April 8, 2010 at 6:14 pm
Hi All,
I have a interesting challenge. I have data lets say RowID, UserID, Date in a table. If UserID appears twice within a 7 day period, i need to delete the one with the lower RowID. The data is for one month only and each month min and max dates are different. i have to use those to define "one month", i cannot use standard months. So lets say its Jan 2 - Jan 30. if at the end of the month its not a complete 7 day period, use whatever days are left to create the last week.
the key is to build those 7 day time slots in a programmatic way which i am short-handed with. I am thinking CTEs or maybe a table variable but the logic is escaping me. Any gurus can shed some pointers?
Thanks!
April 8, 2010 at 6:45 pm
Are you wanting to delete any user record if that user has another record within 7 actual days or are you only wanting to do this if it's in the same specific 7 day span (such as Sunday - Saturday)?

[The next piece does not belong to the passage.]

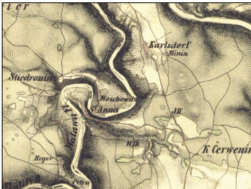
obr. č. 3 : snímek historického mapování 1836-1852 (II. Vojenské mapování - Františkovo)

Samotná lokalita záměru není významnější archeologickou lokalitou, nenachází ani v přímém kontaktu s archeologicky významnými místy a není územím s archeologickými nálezy.
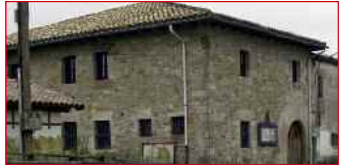
Imagen del Ayuntamiento de Lizoain-Arriasgoiti, sede del Día del Valle.

Con estas tareas cumplidas, llegará la comida popular, este año con menú a base de ensalada mixta, langostinos, fritos variados, ajoarriero, cordero al chilindrón y bizcocho. El precio

If it's the former, you can use something like this:
DELETE
FROM YourTable yt
WHERE EXISTS (SELECT sq.RowID
FROM YourTable sq
WHERE sq.UserID = yt.UserID and
sq.RowID > yt.RowID and
DATEDIFF(dd, yt.[Date], sq.[Date]) < 7)
On a side note, I personally dislike doing deletions like this. I would rather add a bit field 'IsActive' if possible and deactive records rather than deleting them.
April 9, 2010 at 3:35 am
Hi buddy, got ur solution or looking for something else......
April 9, 2010 at 2:58 pm
Please explain a little more detailed what your looking for. The best way would be to give us some sample data and expected result. Furthermore, you need to define the "direction" where to start.

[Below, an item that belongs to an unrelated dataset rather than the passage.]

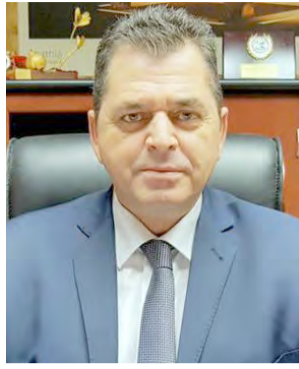
Για τις ζημιές από το χαλάζι στην Ημαθία ενημέρωσε ο Αντιπεριφερειάρχης τον πρόεδρο του ΕΛΓΑ
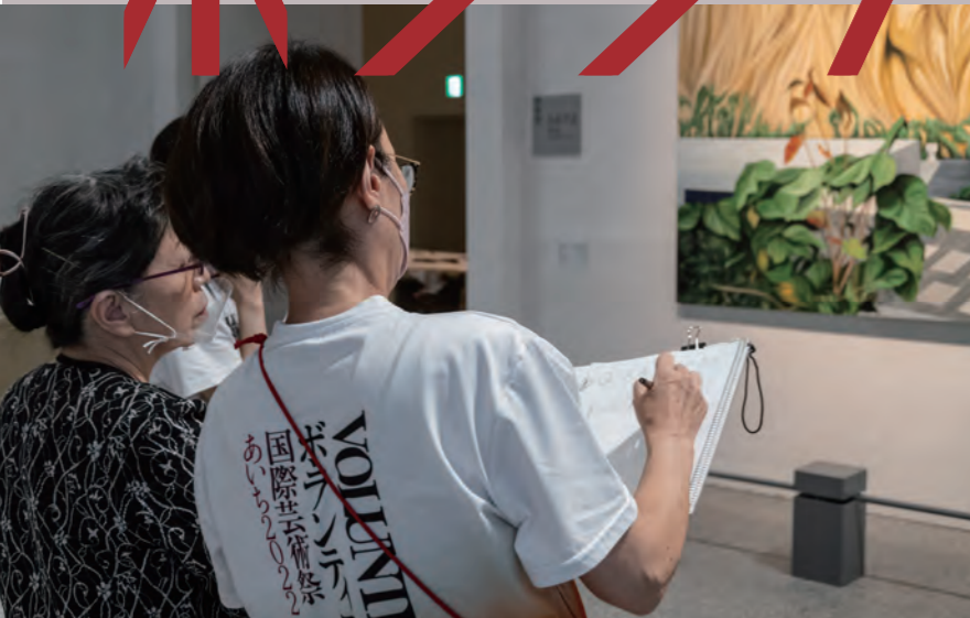
国際芸術祭「あいち2022」筆談ツアー

Example: date values: 3-20, 4-1, 4-6, 4-9, 4-14
If you start at the most recent date, you'd eleminate 4-9 and 4-1. But if you'd start with the oldest date, 4-6 and 4-14 need to be removed...
April 9, 2010 at 3:37 pm
Example: date values: 3-20, 4-1, 4-6, 4-9, 4-14
If you start at the most recent date, you'd eleminate 4-9 and 4-1. But if you'd start with the oldest date, 4-6 and 4-14 need to be removed...
Also, how is your data entered? Is it done on a daily basis throughout the month or bulk entered into a table at the end of a period? That too makes a difference. For instance, if it were done on a daily basis the only records left from Imu92's example would be 3/20 and 4/14. 4/1 would be eliminated when 4/6 was entered, 4/6 would be eliminated when 4/9 was entered, and 4/9 would be eliminated when 4/14 was entered.

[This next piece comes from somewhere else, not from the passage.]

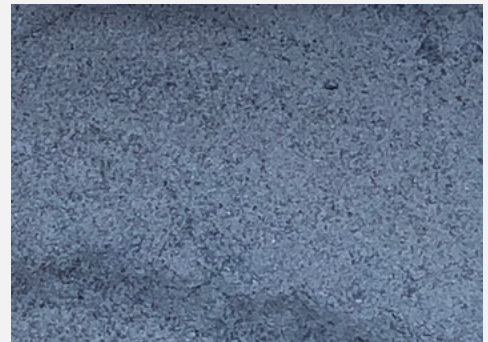
Basaltwerk Billstein, Basaltmehl 1000 „Rohzustand“

If it is data is entered interactively or on a daily basis then the answer is very straightfoward and can go in a trigger or in the procedure you use to insert the data (assuming the same procedure is used for all data inserts).
If you are bulk loading the data at the end of the time period then you need to establish very clear rules for eliminating the data. As has been pointed out, it makes a big difference in the data.
April 10, 2010 at 11:06 am
sorry for the late reply guys
berry...this worked perfect..i cant believe how simple this is...
if anyone is interested, here's the sample script
create table sample_7day (call_id int identity(1,1), UserID int, Post_date datetime)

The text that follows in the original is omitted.